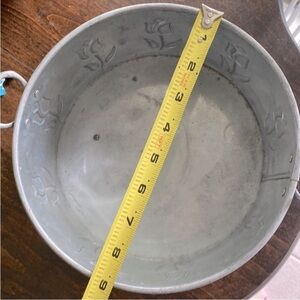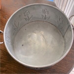 Spring is calling. Classic blue metal tub with elegant floral cutouts. Perfect for decor storage or garden succulents and tulip garden.
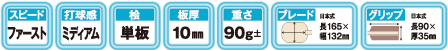 ■角型ヒノキ単板 ■打球感:ミディアム ■板厚:10mm ■重さ:90g±5 ■スピード:ファースト
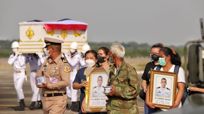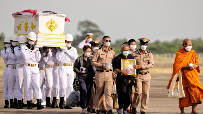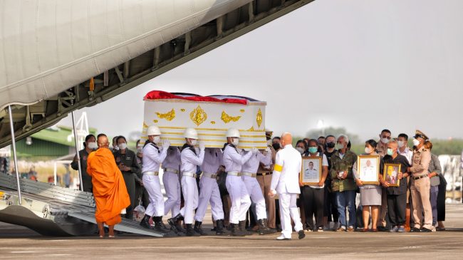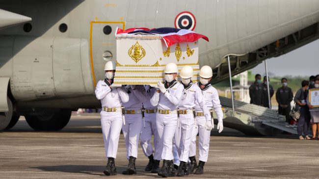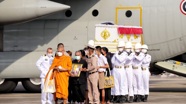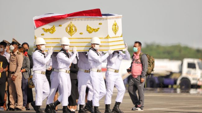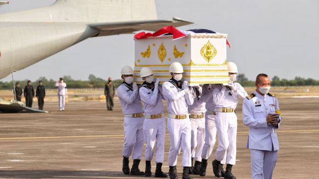 กองทัพเรือ จัดพิธีรับศพอย่างสมเกียรติ 6 กำลังพล เหตุเรือหลวงสุโขทัยอับปาง
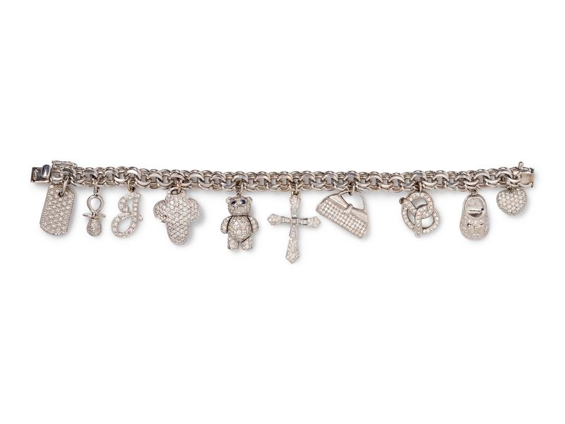 consisting of ten charms including a 14 karat gold and diamond monogram charm, a 14 karat gold and diamond pacifier charm, a diamond "J" charm, a diamond cross charm, a diamond teddy bear charm, an 18 karat gold and diamond cross charm, an 18 karat gold and diamond purse charm, a diamond pretzel charm, a diamond baby shoe charm together with a diamond heart charm, all charms containing numerous diamonds weighing approximately 4.35 carats total.
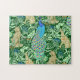 Puzzle dans un vintage Art nouveau de la tapisserie William Morris tissu représentant une scène forestière avec des paons, des lièvres et des renards, numériquement rendus en bleu cobalt, turquoise et neutres sur un arrière - plan vert foncé de forêt pour l'aspect d'une tapisserie traditionnelle
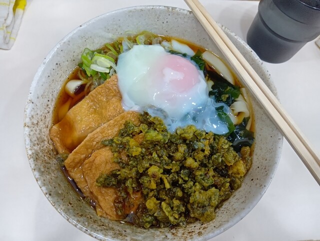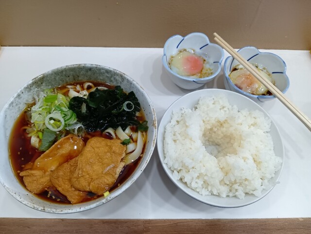 選べる朝定セット(きつねきしめん+ライス並盛+温玉)+追加温玉トッピング
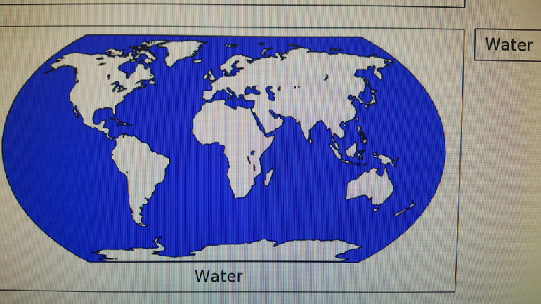 Начали сегодня с того, что воды на Земле оочень много, для наглядности рассмотрели карту, где синим цветом отмечена большая площадь.
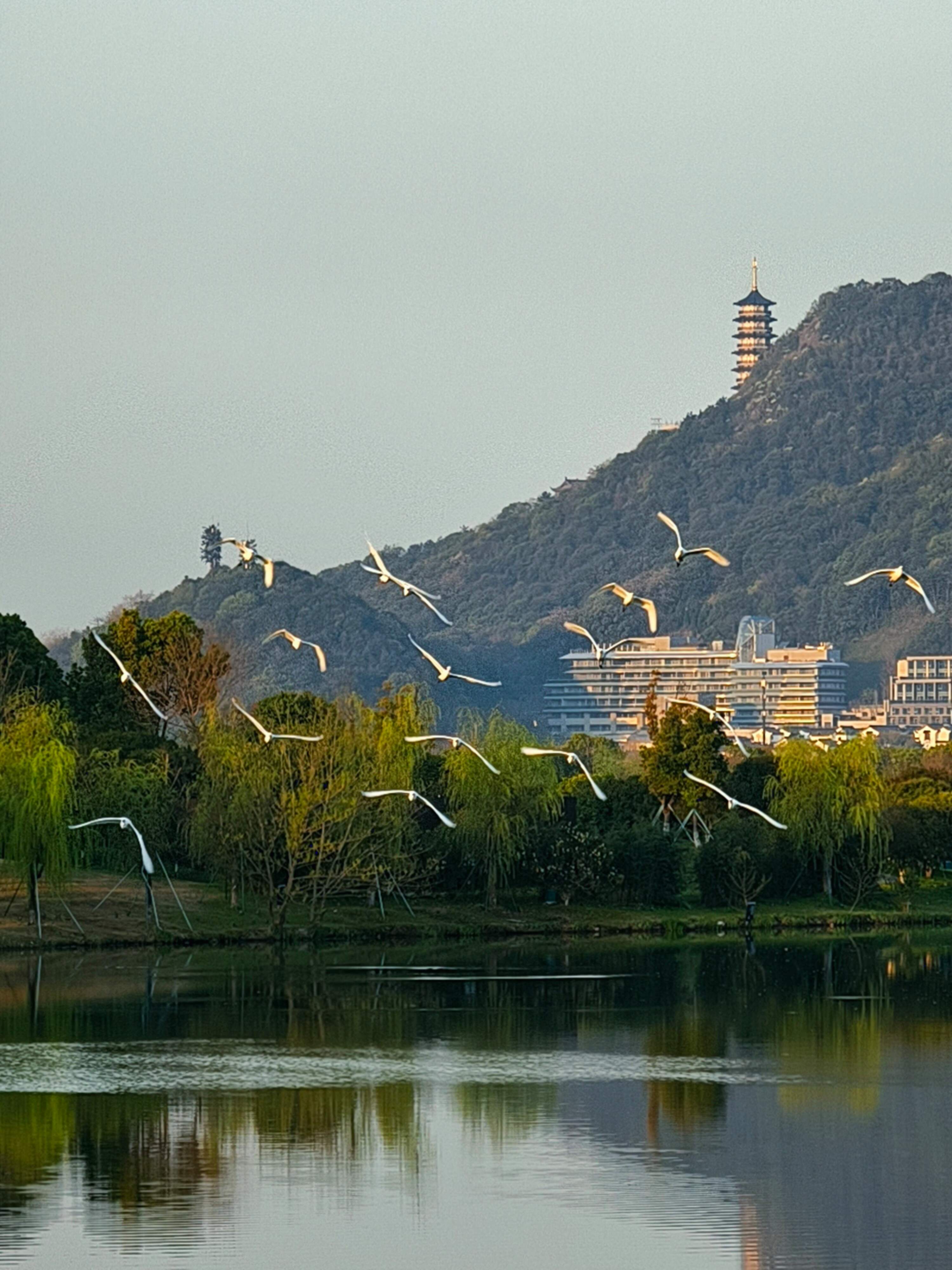 《湘湖逸景》 在湖的镜面上, 天光云影共徘徊 。 白鹭舒展着优雅的弧线, 似灵动的诗行,划破宁静 。 垂柳轻拂,山林如黛, 宝塔与楼宇, 在岁月里静静守望 。 这一隅天地, 是自然与城市的温柔和鸣 。
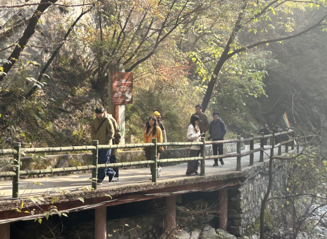 漫步初冬的太平國家森林公園,如入畫境,“楓”景迷人,黃櫨醉客。無論是登高賞瀑的沉浸游,還是隨行觀景的休閑游,秦嶺秋冬的詩意之美無處不在。

__________________________________________________

◆ What is needed ◆
Set down exactly the lines from the start of the records through the line containing "กองทัพเรือ จัดพิธีรับศพอย่างสมเกียรติ 6", both included, and omit the pictures.

◆ Reply ◆
 Spring is calling. Classic blue metal tub with elegant floral cutouts. Perfect for decor storage or garden succulents and tulip garden.
 ■角型ヒノキ単板 ■打球感:ミディアム ■板厚:10mm ■重さ:90g±5 ■スピード:ファースト
 กองทัพเรือ จัดพิธีรับศพอย่างสมเกียรติ 6 กำลังพล เหตุเรือหลวงสุโขทัยอับปาง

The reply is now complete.